Repeat the listing word for word. Leave every picture out.

--

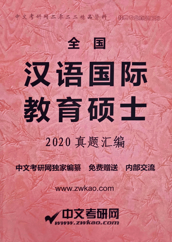 4.郑重声明:中文考研网官网(网址www.zwkao.com)是互联网上唯一提供正品《全国汉语国际教育硕士2020真题汇编》的网站,除中文考研网官网之外,互联网上绝无任何一本真题汇编是全真完整考场原卷的合集,所有网上出售的真题汇编全部都是假冒资料。
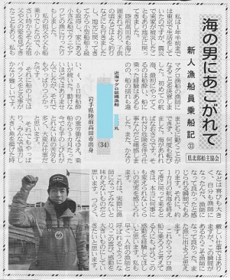 三陸新報に連載しているこの企画も35回目を迎えました。 月一回の掲載なんで、もう3年という事になりますね〜 そもそもこんなに続くとは思っていませんでしたので(笑) とても嬉しく思います!! 新人船員がこんなにも増えるとは思っていませんでしたし 勉強が苦手な人達が多いので、こんなにも大勢の人が作文を書いてくれるとは思ってもみませんでした。 そして上手いんです。 文章が上手な理由を聞くと、バンドをやっていて作詞経験があるなどいろんな理由があるのですが ダントツの...
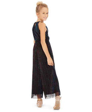 Macacão listrado metálico com lantejoulas e corações para meninas grandes, azul, tamanho GG
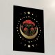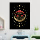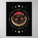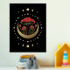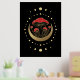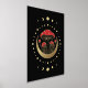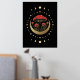 Decorate your wall or corner in your home office with this gold or silver foil poster—Red and gold magic mushrooms decorated with gold dots frame and a gold crescent moon.
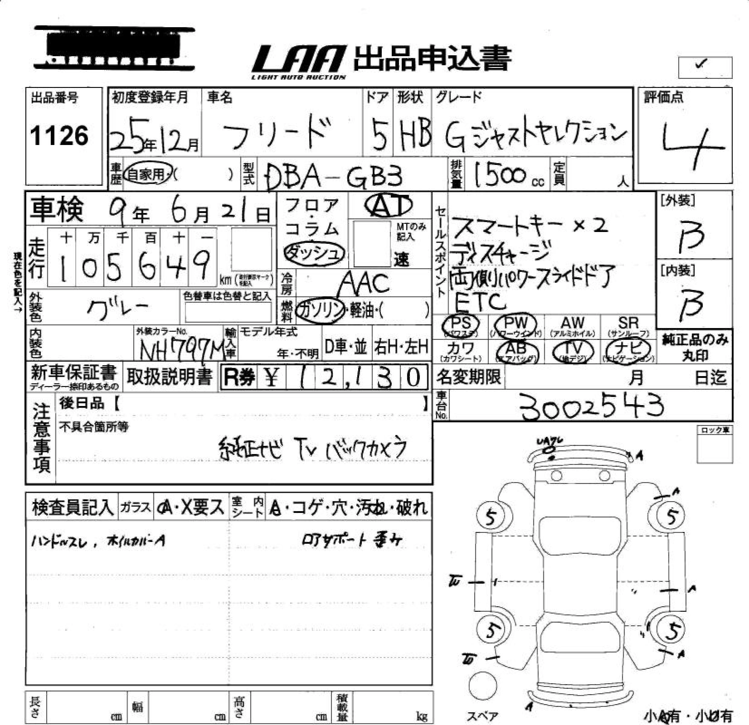 HONDA FREED 2013 г., лот № 1126
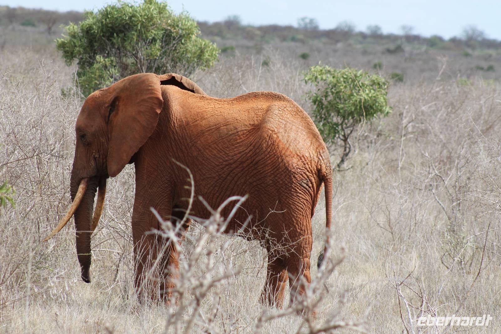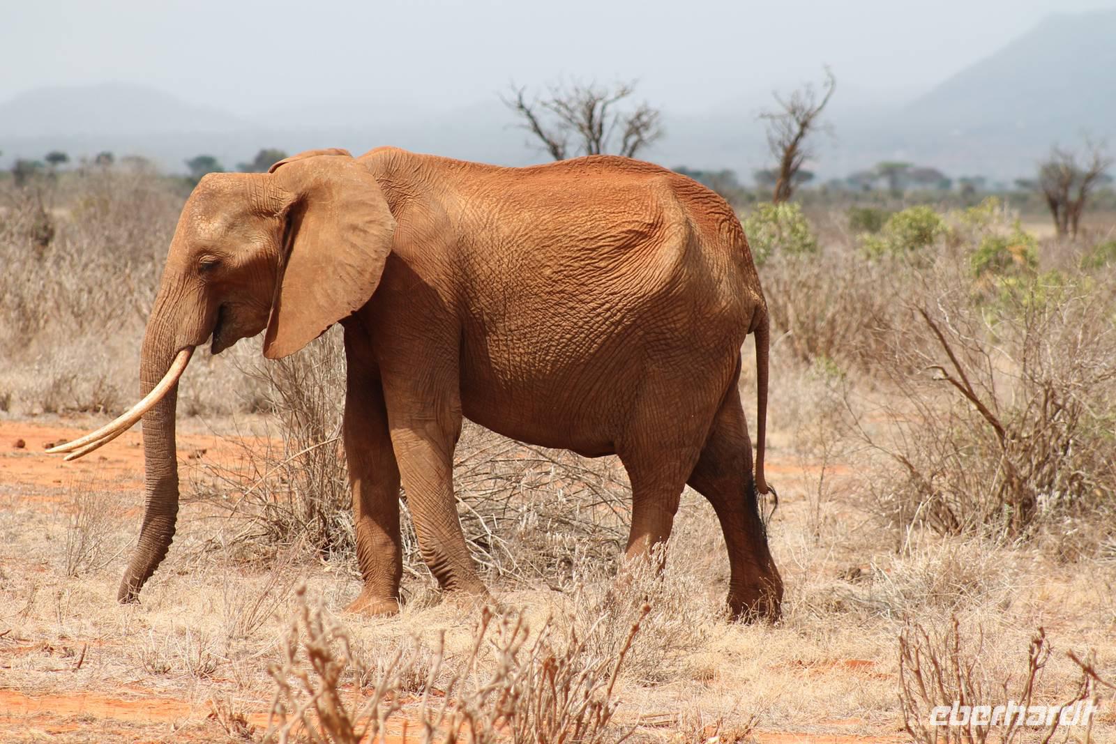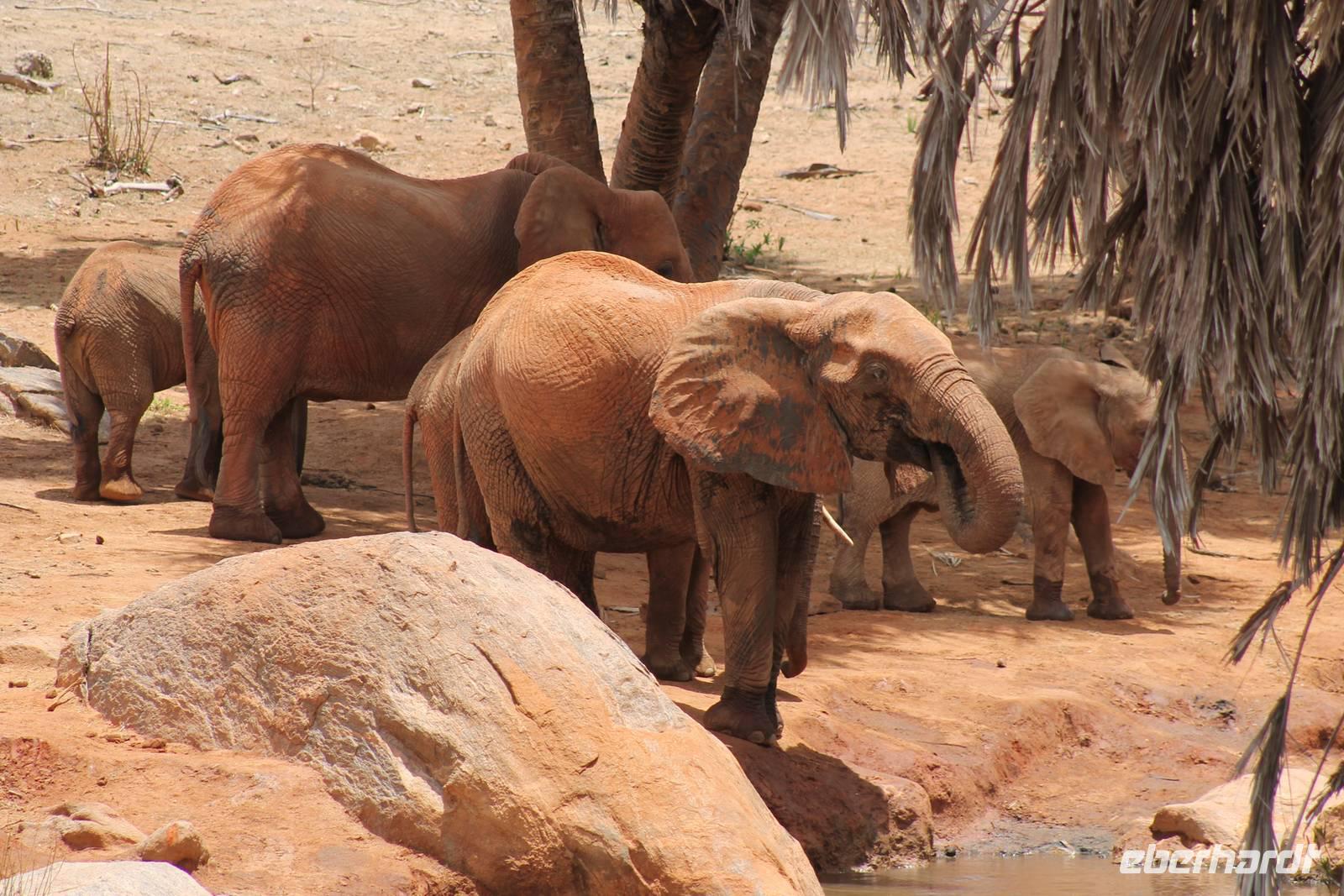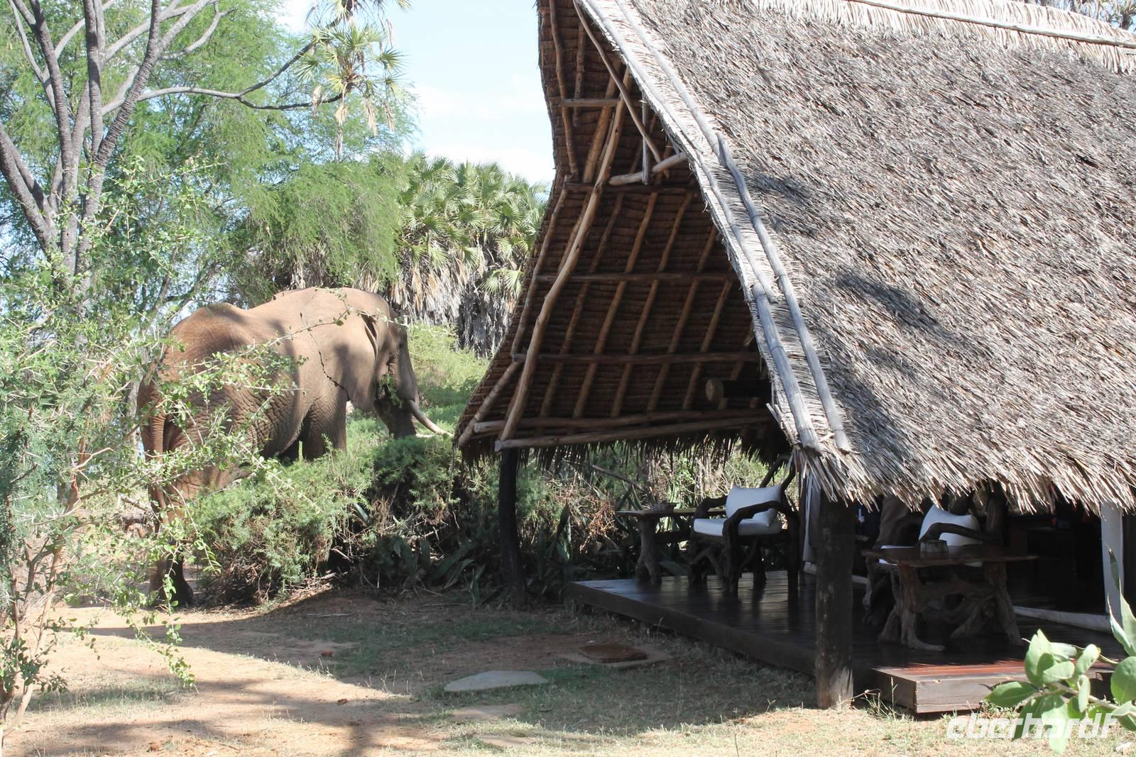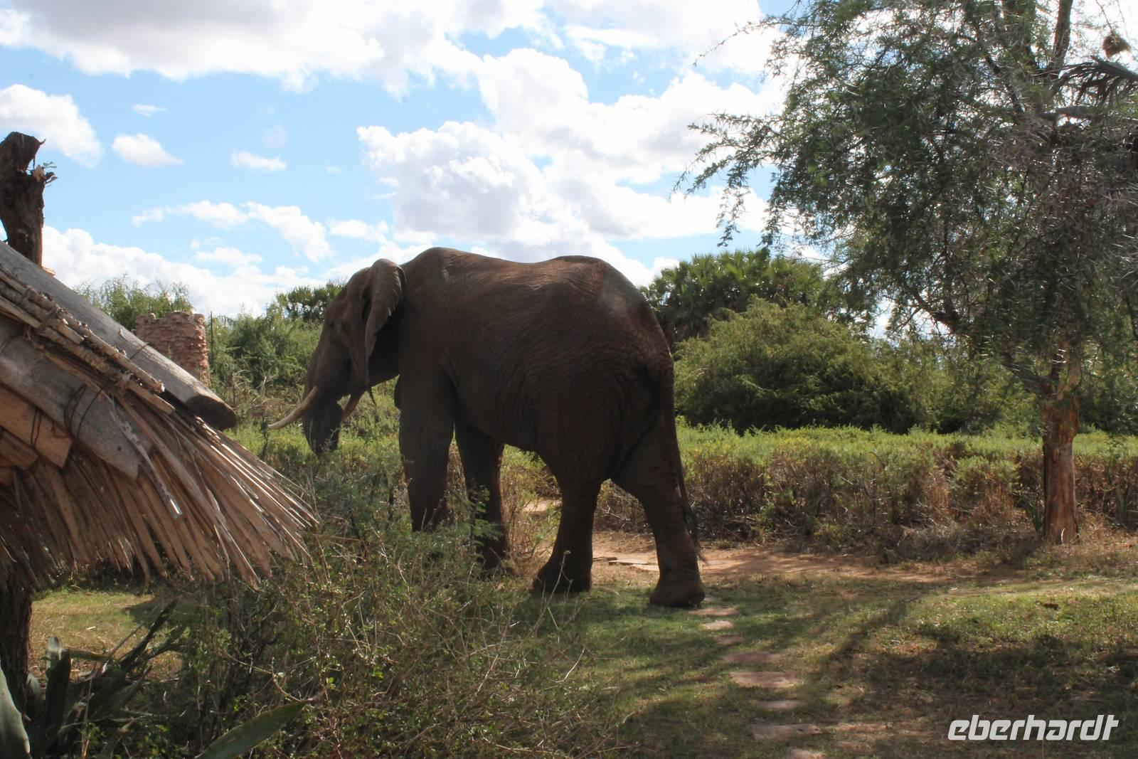 Natürlich werden wir den Amboseli Nationalpark heute nicht verlassen ohne die schneebedeckte Spitze des Kilimanjaros zu sehen. So haben wir heute doch noch einmal Glück und können einen unbedeckten Blick auf ihn erhaschen. Diesen nutzen wir natürlich gleich für ein Gruppenbild. Später bekommen wir auch noch das berühmte Bild mit der Elefantenherde vor dem Kilimanjaro auf die Linse und freuen uns darüber sehr. So fahren wir mit unseren sieben Sachen weiter zum Tsavo-Ost Nationalpark. Der Park zeichnet sich durch seine besondere Artenvielfalt an großen Tieren aus. Bekannt ist Tsavo vor allem für die große Elefantenpopulation (die größte in Kenia) und seine Löwen. Die „roten Elefanten vom Tsavo" verdanken ihrer Farbe der roten Erde im Nationalpark. Mit dieser pudern sie sich bei Staubbädern oder Schlammbädern ein. Gegen Mittag erreichen wir endlich unsere Luxuslodge "Galdessa", die sich wirklich als solche bezeichen kann. Sie ist direkt am Galana-Fluss gelegen. Vom Restaurant aus bietet sich Ihnen ein hervorragender Blick auf die umgebende Landschaft. Durch die 11 Bungalow-Zelte sind wir als Gruppe alleine in der Lodge und genießen dies in vollen Zügen. Zu unseren Zelten dürfen wir allerdings nur mit Begleitung gelangen, weil sich mehrere Elefanten auf dem Lodgegelände tummeln. Nach unserem Mittagessen bekommen wir dies auch selbst zu spüren, denn ein Elefant bahnt sich seinen Weg zwischen den Zelten und lässt sich beim Fressen nicht stören. Bei einer kleinen Siesta können wir auch das unglaubliche Treiben am Fluss beobachten. Mehrere Elefanten suchen sich Ihren Weg an das andere Ufer des Flusses. Ein tolles Schauspiel und so etwas will glaube ich jeder auch zu Hause haben. Dazu muss man nicht mehr ins Kino gehen. Nach so vielen Eindrücken treffen wir uns am Nachmittag wieder und unternehmen eine erste Pirsch im Nationalpark. Dabei sehen wir nicht nur die berühmten roten Elefanten sondern auch andere Tiere, die wir noch nicht so oft gesehen haben wie ein Dik Dik, eine wunderschöne Gabelrake, Rotschnabeltokos und Zwerfalken mit Beute. Wieder ein toller Tag für die Ornitologen aber auch für alle anderen. Am Abend genießen wir ein tolles Abendessen mit einem unvergleichen Blick auf der Terrasse der Lodge. In jedem Fall ein Höhepunkt der Reise und auch ein gebührender Abschluss.
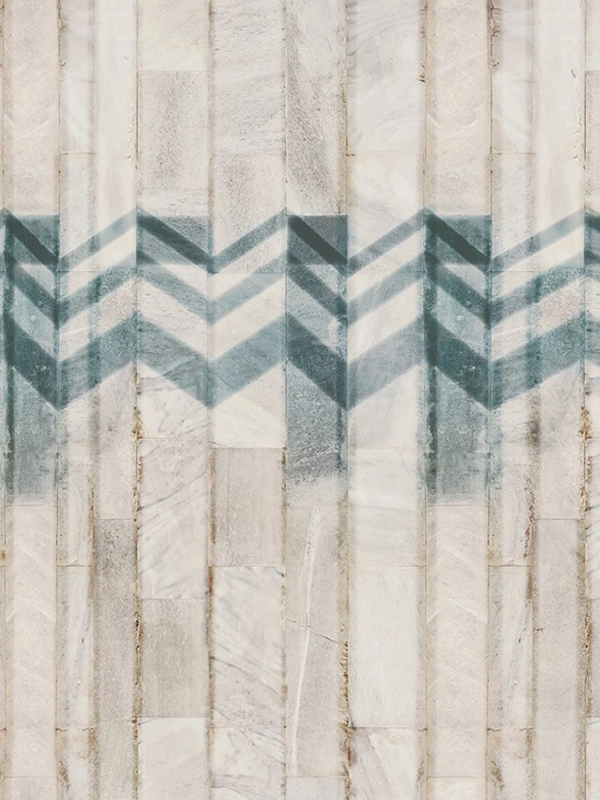 ARMANI / CASA Refined Structure 2 luxury wallcovering featuring layered stone textures and soft geometric chevron accents in warm ivory and champagne tones for elegant premium interiors.
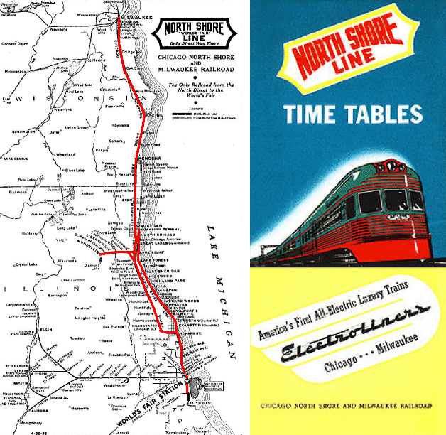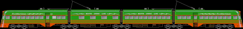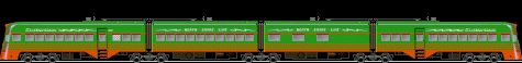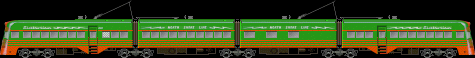 1941 - costruttore St. Louis Car Company Gli Electroliners furono una coppia di eletromotrici tramviarie interurbane gestite dalle compagnie Chicago North Shore e Milwaukee Railroad, e collegavano Chicago, Illinois, e Milwaukee, Wisconsin. Ogni treno era marcato con due numeri, 801-802 e 803-804. Una delle unità centrali era attrezzata a sala ristorante con 26 posti a sedere. Furono progettati per operare in tre distinte situazioni: 1 - con la piattaforma alta, le curve strette e lo stretto interbinario delle linee sopraelevate Chicago Loop e la Chicago 'L', con alimentazione a terza rotaia 2 - per correre alla velocità di 80 miglia orarie (130 km/h) e più sulla principale North Shore, con alimentazione a catenaria e presa di corrente ad asta e rotella 3 - per muoversi sulla tratta tramviaria urbana di Milwaukee fino al capolinea collocato in centro città. 1941 - built by St. Louis Car Company The Electroliners were a pair of electric passenger train sets operated by the Chicago North Shore and Milwaukee Railroad, which ran between Chicago, Illinois, and Milwaukee, Wisconsin. Each train set carried two numbers, 801-802 and 803-804. One of the center units was a Tavern Lounge which seats 26. The Electroliners were cleverly designed to operate in three different environments: 1 - with the high platforms, sharp curves, and narrow clearances of the Chicago Loop and the Chicago 'L', with the elctrical contact by third-rail 2 - to run at speeds of 80 miles per hour (130 km/h) or more on the North Shore's main line, with catenary and trolley pole 3 - to make their way up Milwaukee city streets to the North Shore Milwaukee Terminal in downtown Milwaukee. |

--

*Response*:
 4.郑重声明:中文考研网官网(网址www.zwkao.com)是互联网上唯一提供正品《全国汉语国际教育硕士2020真题汇编》的网站,除中文考研网官网之外,互联网上绝无任何一本真题汇编是全真完整考场原卷的合集,所有网上出售的真题汇编全部都是假冒资料。
 三陸新報に連載しているこの企画も35回目を迎えました。 月一回の掲載なんで、もう3年という事になりますね〜 そもそもこんなに続くとは思っていませんでしたので(笑) とても嬉しく思います!! 新人船員がこんなにも増えるとは思っていませんでしたし 勉強が苦手な人達が多いので、こんなにも大勢の人が作文を書いてくれるとは思ってもみませんでした。 そして上手いんです。 文章が上手な理由を聞くと、バンドをやっていて作詞経験があるなどいろんな理由があるのですが ダントツの...
 Macacão listrado metálico com lantejoulas e corações para meninas grandes, azul, tamanho GG
 Decorate your wall or corner in your home office with this gold or silver foil poster—Red and gold magic mushrooms decorated with gold dots frame and a gold crescent moon.
 HONDA FREED 2013 г., лот № 1126
 Natürlich werden wir den Amboseli Nationalpark heute nicht verlassen ohne die schneebedeckte Spitze des Kilimanjaros zu sehen. So haben wir heute doch noch einmal Glück und können einen unbedeckten Blick auf ihn erhaschen. Diesen nutzen wir natürlich gleich für ein Gruppenbild. Später bekommen wir auch noch das berühmte Bild mit der Elefantenherde vor dem Kilimanjaro auf die Linse und freuen uns darüber sehr. So fahren wir mit unseren sieben Sachen weiter zum Tsavo-Ost Nationalpark. Der Park zeichnet sich durch seine besondere Artenvielfalt an großen Tieren aus. Bekannt ist Tsavo vor allem für die große Elefantenpopulation (die größte in Kenia) und seine Löwen. Die „roten Elefanten vom Tsavo" verdanken ihrer Farbe der roten Erde im Nationalpark. Mit dieser pudern sie sich bei Staubbädern oder Schlammbädern ein. Gegen Mittag erreichen wir endlich unsere Luxuslodge "Galdessa", die sich wirklich als solche bezeichen kann. Sie ist direkt am Galana-Fluss gelegen. Vom Restaurant aus bietet sich Ihnen ein hervorragender Blick auf die umgebende Landschaft. Durch die 11 Bungalow-Zelte sind wir als Gruppe alleine in der Lodge und genießen dies in vollen Zügen. Zu unseren Zelten dürfen wir allerdings nur mit Begleitung gelangen, weil sich mehrere Elefanten auf dem Lodgegelände tummeln. Nach unserem Mittagessen bekommen wir dies auch selbst zu spüren, denn ein Elefant bahnt sich seinen Weg zwischen den Zelten und lässt sich beim Fressen nicht stören. Bei einer kleinen Siesta können wir auch das unglaubliche Treiben am Fluss beobachten. Mehrere Elefanten suchen sich Ihren Weg an das andere Ufer des Flusses. Ein tolles Schauspiel und so etwas will glaube ich jeder auch zu Hause haben. Dazu muss man nicht mehr ins Kino gehen. Nach so vielen Eindrücken treffen wir uns am Nachmittag wieder und unternehmen eine erste Pirsch im Nationalpark. Dabei sehen wir nicht nur die berühmten roten Elefanten sondern auch andere Tiere, die wir noch nicht so oft gesehen haben wie ein Dik Dik, eine wunderschöne Gabelrake, Rotschnabeltokos und Zwerfalken mit Beute. Wieder ein toller Tag für die Ornitologen aber auch für alle anderen. Am Abend genießen wir ein tolles Abendessen mit einem unvergleichen Blick auf der Terrasse der Lodge. In jedem Fall ein Höhepunkt der Reise und auch ein gebührender Abschluss.
 ARMANI / CASA Refined Structure 2 luxury wallcovering featuring layered stone textures and soft geometric chevron accents in warm ivory and champagne tones for elegant premium interiors.
 1941 - costruttore St. Louis Car Company Gli Electroliners furono una coppia di eletromotrici tramviarie interurbane gestite dalle compagnie Chicago North Shore e Milwaukee Railroad, e collegavano Chicago, Illinois, e Milwaukee, Wisconsin. Ogni treno era marcato con due numeri, 801-802 e 803-804. Una delle unità centrali era attrezzata a sala ristorante con 26 posti a sedere. Furono progettati per operare in tre distinte situazioni: 1 - con la piattaforma alta, le curve strette e lo stretto interbinario delle linee sopraelevate Chicago Loop e la Chicago 'L', con alimentazione a terza rotaia 2 - per correre alla velocità di 80 miglia orarie (130 km/h) e più sulla principale North Shore, con alimentazione a catenaria e presa di corrente ad asta e rotella 3 - per muoversi sulla tratta tramviaria urbana di Milwaukee fino al capolinea collocato in centro città. 1941 - built by St. Louis Car Company The Electroliners were a pair of electric passenger train sets operated by the Chicago North Shore and Milwaukee Railroad, which ran between Chicago, Illinois, and Milwaukee, Wisconsin. Each train set carried two numbers, 801-802 and 803-804. One of the center units was a Tavern Lounge which seats 26. The Electroliners were cleverly designed to operate in three different environments: 1 - with the high platforms, sharp curves, and narrow clearances of the Chicago Loop and the Chicago 'L', with the elctrical contact by third-rail 2 - to run at speeds of 80 miles per hour (130 km/h) or more on the North Shore's main line, with catenary and trolley pole 3 - to make their way up Milwaukee city streets to the North Shore Milwaukee Terminal in downtown Milwaukee. |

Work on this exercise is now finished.